Only once before has Xavier been seeded as high as No. 3 — in 2003, when it beat 14th-seeded Troy in Round 1 and was ousted by sixth-seeded Maryland in Round 2. The Musketeers have been a 14th seed three times, most recently in 2006, and in 1991 they upset third-seeded Nebraska.
Xavier won 17 of 18 games from Dec. 28 to March 1 but has since lost twice to St. Joseph's, most recently in the Atlantic-10 semifinals. It lists no true center on the roster, and its best players — Drew Lavender and Stanley Burrell — are guards.
And Georgia, which starts two seniors and two juniors, will have something working for it that no No. 14 ever has: The Bulldogs won't be awed because they hail from a power conference. "That's a huge point," McCarthy said. "They've got a great pedigree. I know they were 4-12, but they still played an SEC schedule."
Lake Kelly coached Austin Peay to its upset of Illinois in 1987. From afar, he detects similarities between his Governors and these Bulldogs. "I always watch the 14th seeds with plenty of interest," Kelly said. "I see Georgia as a lot like us — not great talent, but a good team."
Austin Peay toppled Illinois 68-67 behind an outrageous combination of 3-pointers and power moves from Darryl Bedford, a 6-foot-8, 260-pound center from Campbell High in Smyrna. Bedford tried 15 treys that night, making five.
Kelly, who's retired and living in Flemingsburg, Ky., said "not a day" passes without him recalling that epic night, which very nearly became an epic week. In Round 2 Austin Peay lost to Providence, coached by Rick Pitino, in overtime after missing two free throws in the final minute of regulation. (Billy Donovan hit the tying jumper for the Friars.) Said Kelly: "Somebody said to me, 'If you guys win that game, Pitino is still at Providence today.' "

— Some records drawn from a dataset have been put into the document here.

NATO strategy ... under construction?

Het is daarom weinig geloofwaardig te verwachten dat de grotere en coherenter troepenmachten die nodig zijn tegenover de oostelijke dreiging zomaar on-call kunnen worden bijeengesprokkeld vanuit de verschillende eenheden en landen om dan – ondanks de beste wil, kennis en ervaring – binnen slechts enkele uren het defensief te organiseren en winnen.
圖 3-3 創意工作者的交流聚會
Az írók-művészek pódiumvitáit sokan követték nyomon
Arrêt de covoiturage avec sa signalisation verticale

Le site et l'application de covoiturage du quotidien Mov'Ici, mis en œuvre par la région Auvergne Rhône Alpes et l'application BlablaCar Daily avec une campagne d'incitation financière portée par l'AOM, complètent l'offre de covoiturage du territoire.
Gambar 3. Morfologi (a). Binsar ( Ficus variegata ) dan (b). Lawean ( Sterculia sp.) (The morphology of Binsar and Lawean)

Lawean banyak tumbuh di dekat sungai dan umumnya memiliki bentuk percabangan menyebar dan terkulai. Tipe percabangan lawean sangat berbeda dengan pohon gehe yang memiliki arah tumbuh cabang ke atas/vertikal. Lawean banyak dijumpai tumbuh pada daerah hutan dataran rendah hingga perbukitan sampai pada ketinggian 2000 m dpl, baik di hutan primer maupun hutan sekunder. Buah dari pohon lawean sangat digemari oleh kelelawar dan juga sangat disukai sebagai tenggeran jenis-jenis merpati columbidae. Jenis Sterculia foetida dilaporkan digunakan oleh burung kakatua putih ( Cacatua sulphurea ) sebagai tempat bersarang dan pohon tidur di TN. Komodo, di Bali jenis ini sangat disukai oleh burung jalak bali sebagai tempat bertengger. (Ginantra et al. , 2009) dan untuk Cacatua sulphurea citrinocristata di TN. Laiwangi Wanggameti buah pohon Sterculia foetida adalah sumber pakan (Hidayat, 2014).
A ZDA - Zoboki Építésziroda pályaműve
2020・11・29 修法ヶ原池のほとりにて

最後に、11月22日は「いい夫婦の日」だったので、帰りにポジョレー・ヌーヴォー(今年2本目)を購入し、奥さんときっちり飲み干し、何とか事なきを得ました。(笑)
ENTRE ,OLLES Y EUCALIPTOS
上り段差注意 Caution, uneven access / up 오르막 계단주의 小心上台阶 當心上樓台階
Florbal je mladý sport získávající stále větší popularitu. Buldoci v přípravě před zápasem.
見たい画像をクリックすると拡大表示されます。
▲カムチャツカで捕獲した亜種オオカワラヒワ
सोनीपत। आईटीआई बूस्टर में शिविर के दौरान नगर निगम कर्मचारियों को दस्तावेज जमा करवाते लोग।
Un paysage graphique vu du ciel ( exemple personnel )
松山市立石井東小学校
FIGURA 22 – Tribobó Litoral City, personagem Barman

The season done, Kelly invited Vitale to speak at the team banquet. Arriving in Clarksville, Tenn., he was greeted by Peay players wearing sweatshirts with their names printed upside down.
"Then they said, 'You know we have to do this,' " Kelly said. "And they grabbed him by the ankles and held him upside down."
Kelly, who'd been an assistant at Kentucky under Joe B. Hall, watched Georgia win its conference tournament via TV. "Those people who got to see the SEC games were looking at basketball history," he said. "I don't think we'll see anything like that again. It just shows what kids can do when they put their heart into it."
Question is, how much do the Bulldogs have left? "I don't know what their emotional state will be," said McCarthy, an Auburn assistant in 1985 when the Tigers became the first SEC tournament champion to win four games in four days. "That will determine the kind of game it's going to be against Xavier."
Dickie V. thinks Georgia will win. Conley, who covered the Bulldogs several times during the regular season and throughout their tournament run, admits to filling out his NCAA bracket and picking them to lose.
"But I'm also the guy who didn't think they'd win a game in the SEC tournament," Conley said. "Maybe we should start believing they can actually do this."